What is needed ->
Using the records below, copy exactly the part that opens with the line holding "in the box." and closes with the line holding "さて、今日はまたまた始まりま", minus the pictures.

[Items listed in a dataset]
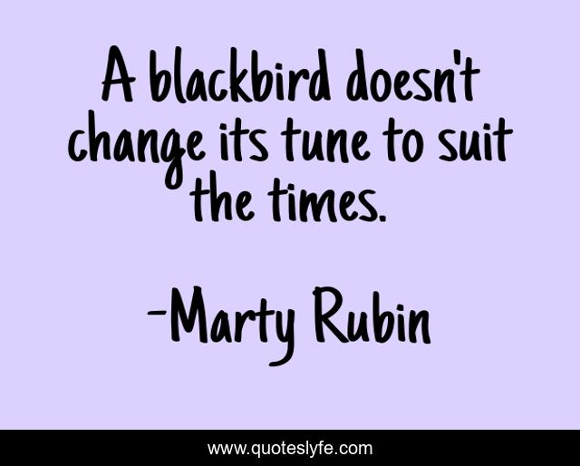 This page presents the quote "A blackbird doesn't change its tune to suit the times.". Author of this quote is Marty Rubin. This quote is about blackbirds, art, integrity, conformity, music,.
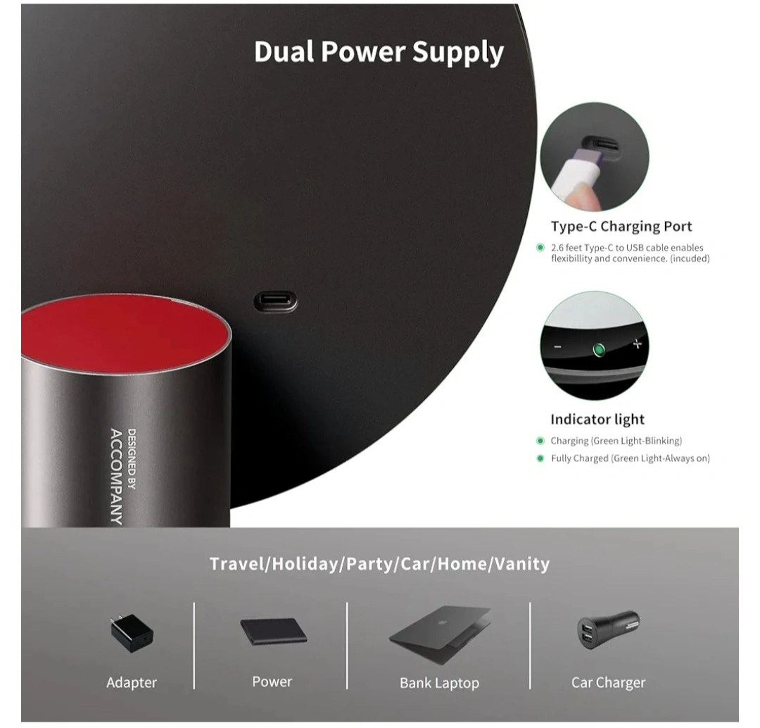 【USB rechargeable and built-in 2000 mAh Battery】 AMIRO makeup mirror has a built-in 2200 mAh rechargeable lithium battery, which continuously works for up to 3-5h after fully charged. It can be charged through a USB by a power bank, PC, etc., and work lighted for a long time. Convenient to move the vanity mirror with lights to another desk. Note: The USB-C cable is in the box.
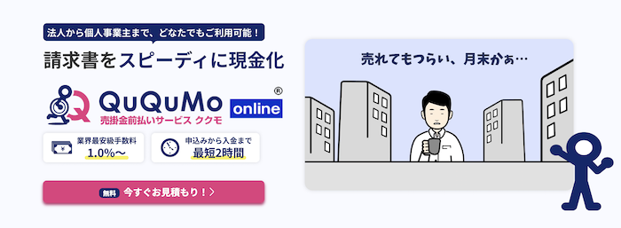 QuQuMo(ククモ)のような「オンライン完結型」のサービスです。彼らはAI審査を導入し、人件費や店舗コストを極限まで削っているため、2社間ファクタリングでありながら「1%〜」という圧倒的な安さを実現しています。
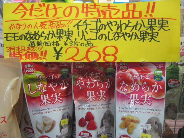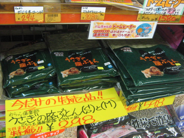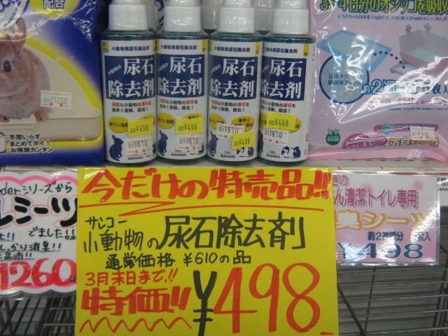 さて、今日はまたまた始まりました、柏店の「今だけの特売品」を紹介したいと思います!!3月末日までの特売品です!いっぱいあるので、また数日に分けて紹介させて頂きます。 今日は小動物モノからいきましょうか!
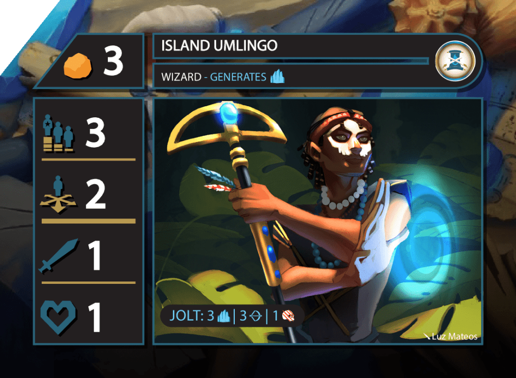 If Jolt becomes a lower priority, then so too does Island Umlingo, because it is not going to do much else. However, if there is either a drastic need or an abundance of mana, Island Umlingo still serves a valued purpose. Since it generates mana, it can serve as a resource gatherer as mana is crucial to Zermano’s success. If there is an extra 3 mana available and a low health enemy unit, Island Umlingo can zap it, and if Zermano is strapped for gold but needs to take out a severely wounded threat, the Island Umlingo could get the task done cheaply.

Task solution ->
 【USB rechargeable and built-in 2000 mAh Battery】 AMIRO makeup mirror has a built-in 2200 mAh rechargeable lithium battery, which continuously works for up to 3-5h after fully charged. It can be charged through a USB by a power bank, PC, etc., and work lighted for a long time. Convenient to move the vanity mirror with lights to another desk. Note: The USB-C cable is in the box.
 QuQuMo(ククモ)のような「オンライン完結型」のサービスです。彼らはAI審査を導入し、人件費や店舗コストを極限まで削っているため、2社間ファクタリングでありながら「1%〜」という圧倒的な安さを実現しています。
 さて、今日はまたまた始まりました、柏店の「今だけの特売品」を紹介したいと思います!!3月末日までの特売品です!いっぱいあるので、また数日に分けて紹介させて頂きます。 今日は小動物モノからいきましょうか!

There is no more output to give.